← Back to projects

Security Research

Adversarial Keystroke Authentication

Designed an Android application and SQLite framework for secondary authentication data collection. Applied keystroke dynamics analysis to captured timing data to approximate likely user passwords - demonstrating a practical adversarial attack on behavioral biometric authentication.

Year 2023
Role Researcher
Status Research / Demo
Android SQLite Keystroke Dynamics Statistical Analysis Behavioral Biometrics Security Research

Overview

Keystroke dynamics, using the timing of how you type as a behavioral biometric, has been proposed as a secondary authentication factor. The idea is that even if an attacker knows your password, they can't reproduce your unique typing rhythm.

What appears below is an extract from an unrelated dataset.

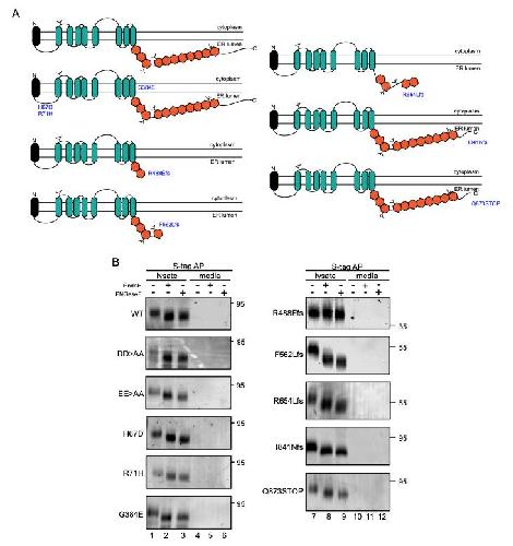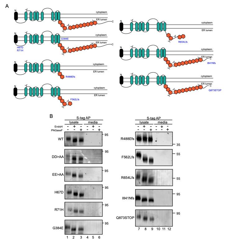 Supplemental Figure 5. TMTC3 disease variant predictive outcomes and carbohydrate analysis. (A) The organization of TMTC3 WT and disease variants signal sequence (black), hydrophobic domains (teal), TPR domains (orange). N-linked glycosylation sites are indicated by small black, branched structures. Mutations are indicated in blue. (B) HEK293T cells were transfected with S-tagged TMTC3 WT and disease variants cDNA as indicated and were affinity purified from the media and the lysed cells using S-protein agarose. Samples were then subjected to a glycosylation assay with either EndoH (lanes 2, 5, 8 and 11) or PNGaseF (lanes 3, 6, 9 and 12) digestion as indicated. Reducing sample buffer was added, and the samples were analyzed by a 6% SDS-PAGE. |

This research project tests that assumption adversarially.

The Attack Model

The threat model assumes:

  • The attacker can observe raw keystroke timing data (e.g., via a malicious keyboard app, a compromised authentication endpoint, or physical access to timing logs)
  • The attacker does not know the password in advance
  • The goal is to recover a usable approximation of the password that also passes the behavioral authentication check

Data Collection

I built an Android application that acts as a keyboard instrumentation layer, recording:

  • Key-down and key-up timestamps for each keystroke (to millisecond precision)
  • Inter-key intervals (the gap between key-up of one key and key-down of the next)
  • Dwell times (how long each key is held)
  • The key identity itself (stored separately from timing, simulating different attacker access levels)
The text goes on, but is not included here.